THE PROBLEM — A faithful copy of all the data is the goal; omit the pictures.

[Records contained in a dataset]
⟨
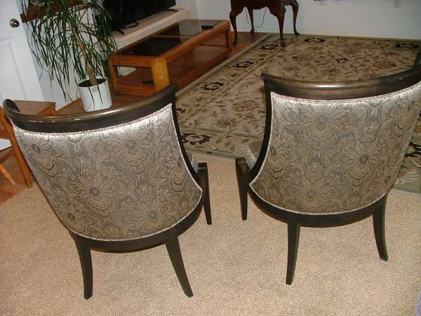 2 Pristine Uphostered chairs with bumpers Made 3/28/00, been wrapped in storage. Supurb design. Paid over $1650 each. NOW $299 both REDUCED!! Call
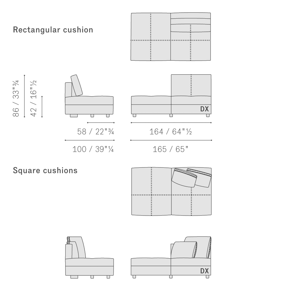 Massimosistema沙發分為單人座、雙人座和三人座,可以選擇是否搭配扶手,此外還有躺椅、沙發島和圓沙發凳,完全可以獨立使用,或互相搭配。沙發結構采用櫸木和陳年楊木,側面使用樺木膠合板和中密度纖維板墊層。彈簧結構使用松緊帶。坐墊填充鵝絨和聚酯絮絨,添加聚氨酯泡沫嵌塊。扶手分為三種款式:高、中、低,無論是閉合式配置、組合模塊或非對稱配置,互相之間均可搭配。可以整體覆蓋Pelle Frau?軟皮(包括雙色),或選配多種材質。
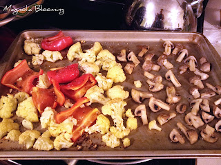 The dinner recipe was Roasted Peppers, Cauliflower, and Almonds, which looked good, but it called for Kalamata olives, which neither of us like. The problem was, if we left them out altogether, the dinner would be pretty lame. I decided that instead of getting olives, we could substitute mushrooms and roast them along with the cauliflower and peppers. That ended up being a really good change--the mushrooms were delish, and they bulked up the meal a little.
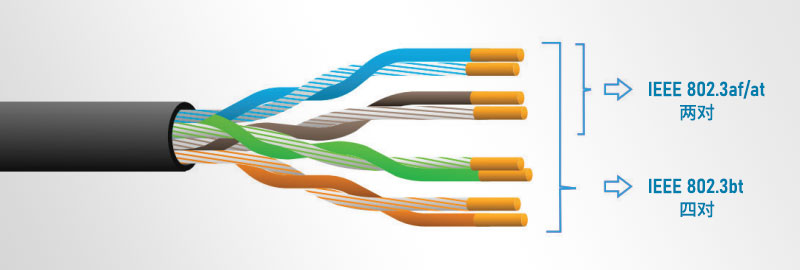IEEE 标准允许 Cat5/Cat5e 或更高等级的双绞网线用于高功率场景,而对于功率需求较低的应用,也可以使用 Cat3 等老旧线缆。PoE 在布线时需要注意总长度一般不超过约100米,以保证末端设备至少可获得大约44V 的电压,IEEE 802.3 af/at/bt协议规定,标准的PoE端口输出电压范围是44-57V之间。
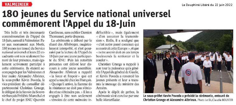 180 jeunes du Service National Universel, 22 encadrants et Quentin Cardinaud, chef de projet SNU, ont participé, le 18 juin 2022 à Valmeinier, à la commémoration de l'appel du 18 juin 1940.
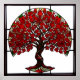 Colourful stained glass window featuring an artistic tree with vivid red leaves, showcasing intricate craftsmanship and elegance, perfect for themes of nature, beauty, and creative artistry.
⟩
TASK ANSWER —
 2 Pristine Uphostered chairs with bumpers Made 3/28/00, been wrapped in storage. Supurb design. Paid over $1650 each. NOW $299 both REDUCED!! Call
 Massimosistema沙發分為單人座、雙人座和三人座,可以選擇是否搭配扶手,此外還有躺椅、沙發島和圓沙發凳,完全可以獨立使用,或互相搭配。沙發結構采用櫸木和陳年楊木,側面使用樺木膠合板和中密度纖維板墊層。彈簧結構使用松緊帶。坐墊填充鵝絨和聚酯絮絨,添加聚氨酯泡沫嵌塊。扶手分為三種款式:高、中、低,無論是閉合式配置、組合模塊或非對稱配置,互相之間均可搭配。可以整體覆蓋Pelle Frau?軟皮(包括雙色),或選配多種材質。
 The dinner recipe was Roasted Peppers, Cauliflower, and Almonds, which looked good, but it called for Kalamata olives, which neither of us like. The problem was, if we left them out altogether, the dinner would be pretty lame. I decided that instead of getting olives, we could substitute mushrooms and roast them along with the cauliflower and peppers. That ended up being a really good change--the mushrooms were delish, and they bulked up the meal a little.
IEEE 标准允许 Cat5/Cat5e 或更高等级的双绞网线用于高功率场景,而对于功率需求较低的应用,也可以使用 Cat3 等老旧线缆。PoE 在布线时需要注意总长度一般不超过约100米,以保证末端设备至少可获得大约44V 的电压,IEEE 802.3 af/at/bt协议规定,标准的PoE端口输出电压范围是44-57V之间。
 180 jeunes du Service National Universel, 22 encadrants et Quentin Cardinaud, chef de projet SNU, ont participé, le 18 juin 2022 à Valmeinier, à la commémoration de l'appel du 18 juin 1940.
 Colourful stained glass window featuring an artistic tree with vivid red leaves, showcasing intricate craftsmanship and elegance, perfect for themes of nature, beauty, and creative artistry.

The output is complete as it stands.